Paper long abstract:
The recent exhibition, Another India: Explorations and Expressions of Indigenous South Asia, began as a project to make sense of historic collections of ethnographic artefacts from India in Cambridge, focusing on those from Indigenous and Adivasi peoples. It became an opportunity to reflect upon and reshape those collections through creative collaborations with contemporary Indigenous and Adivasi artists.

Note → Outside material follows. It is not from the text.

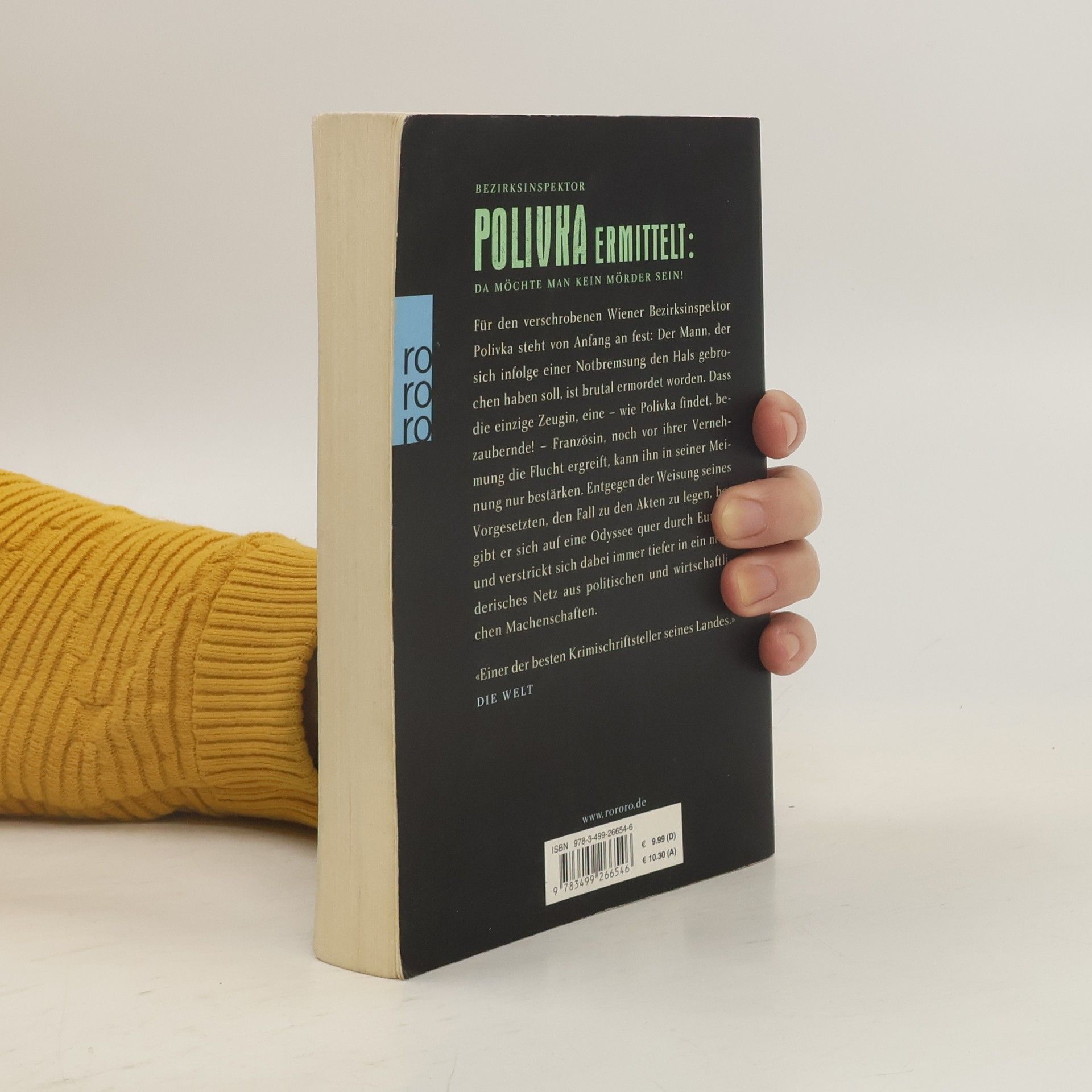 Bezirksinspektor Polivka ermittelt: Da möchte man kein Mörder sein! Für den verschrobenen Wiener Bezirksinspektor Polivka steht von Anfang an fest: Der Mann, der sich infolge einer Notbremsung in einem Zugwaggon den Hals gebrochen haben soll, ist tatsächlich brutal ermordet worden. Dass die einzige Zeugin, eine – wie Polivka findet, bezaubernde! – Französin, noch vor ihrer Vernehmung die Flucht ergreift, kann ihn in seiner Meinung nur bestärken. Gegen die Weisung seines Vorgesetzten, den Fall zu den Akten zu legen, begibt er sich auf eine aberwitzige Odyssee quer durch Europa und verstrickt sich dabei immer tiefer in ein mörderisches Netz aus politischen und wirtschaftlichen Machenschaften. «Einer der besten Krimischriftsteller seines Landes.» Die Welt

The exhibition set out to explore marginalised and suppressed narratives and engage with contentious histories that continue to impact on populations in India and the UK. New commissions were envisaged as tools to support the democratisation or decolonisation of narratives for source communities, curators and visitors alike. Our title highlighted terms we sought to challenge by exploring how 'otherness' is created in the colonial archive and in contemporary artworlds. The process of commissioning new works of sculpture that responded directly to existing museum collections, their histories and legacies, required the curatorial team in England and India to critically reflect on strategies of knowledge production, representation and museumification in colonial and postcolonial contexts. It also required a continuing reflection and reassessment of our own positions within such histories, and our roles as curators, art-makers and patrons.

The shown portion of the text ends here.